* **INFORMATION SHOWN**
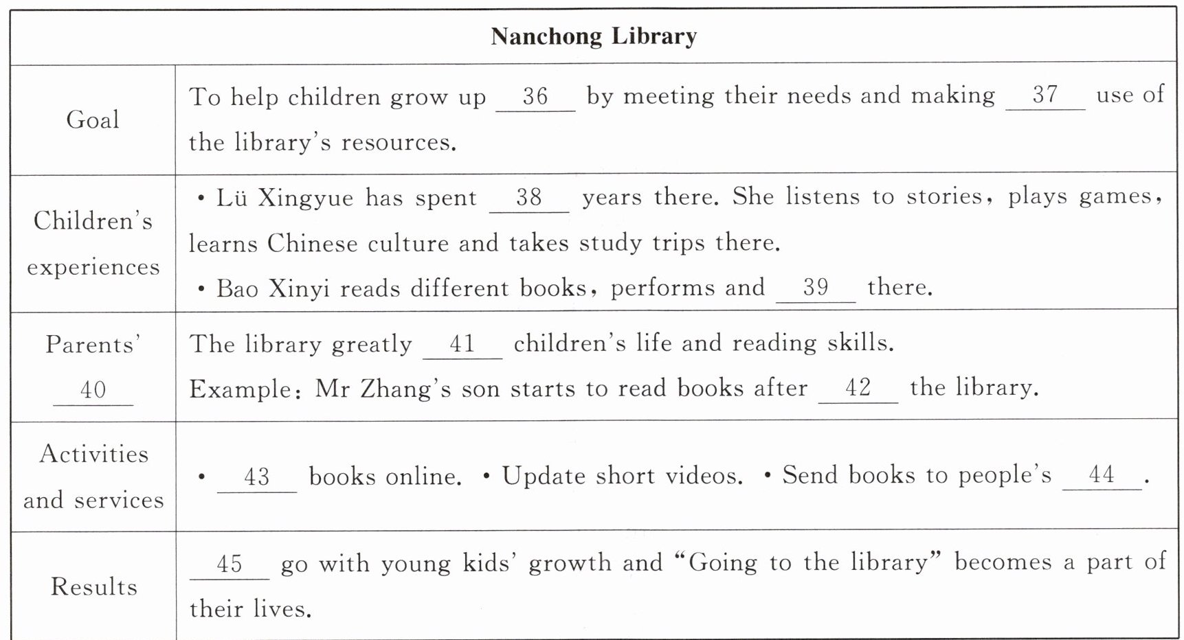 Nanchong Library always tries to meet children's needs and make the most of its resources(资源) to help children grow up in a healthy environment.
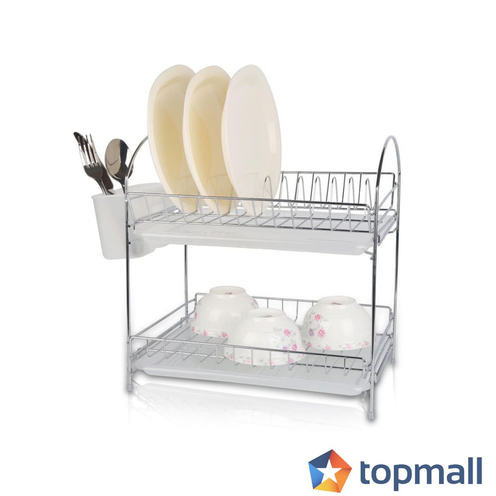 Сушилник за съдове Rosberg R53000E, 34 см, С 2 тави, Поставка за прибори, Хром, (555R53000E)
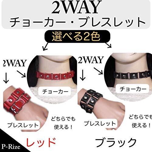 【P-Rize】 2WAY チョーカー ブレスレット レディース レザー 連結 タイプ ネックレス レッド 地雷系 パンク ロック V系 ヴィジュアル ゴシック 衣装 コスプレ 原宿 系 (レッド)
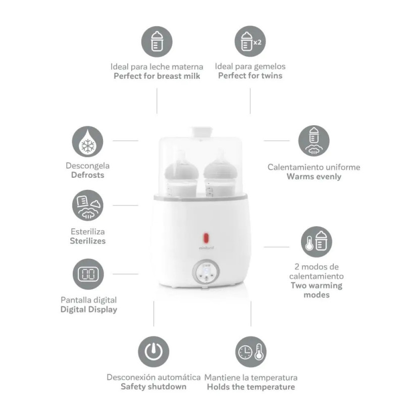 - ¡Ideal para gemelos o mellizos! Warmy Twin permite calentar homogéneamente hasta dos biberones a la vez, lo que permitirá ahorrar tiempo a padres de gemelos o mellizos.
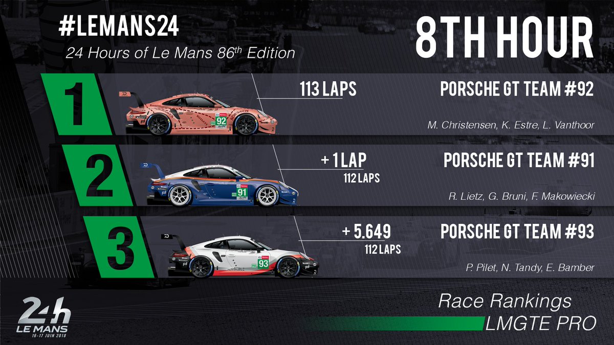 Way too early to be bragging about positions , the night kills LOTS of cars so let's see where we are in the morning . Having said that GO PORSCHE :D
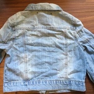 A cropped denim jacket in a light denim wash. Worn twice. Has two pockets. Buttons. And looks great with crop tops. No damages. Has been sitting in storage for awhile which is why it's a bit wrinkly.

* **WHAT THE TASK ASKS**
From the first line to the last, give the data again exactly, but without pictures.

* **SOLUTION FOR THIS EXERCISE**
 Nanchong Library always tries to meet children's needs and make the most of its resources(资源) to help children grow up in a healthy environment.
 Сушилник за съдове Rosberg R53000E, 34 см, С 2 тави, Поставка за прибори, Хром, (555R53000E)
 【P-Rize】 2WAY チョーカー ブレスレット レディース レザー 連結 タイプ ネックレス レッド 地雷系 パンク ロック V系 ヴィジュアル ゴシック 衣装 コスプレ 原宿 系 (レッド)
 - ¡Ideal para gemelos o mellizos! Warmy Twin permite calentar homogéneamente hasta dos biberones a la vez, lo que permitirá ahorrar tiempo a padres de gemelos o mellizos.
 Way too early to be bragging about positions , the night kills LOTS of cars so let's see where we are in the morning . Having said that GO PORSCHE :D
 A cropped denim jacket in a light denim wash. Worn twice. Has two pockets. Buttons. And looks great with crop tops. No damages. Has been sitting in storage for awhile which is why it's a bit wrinkly.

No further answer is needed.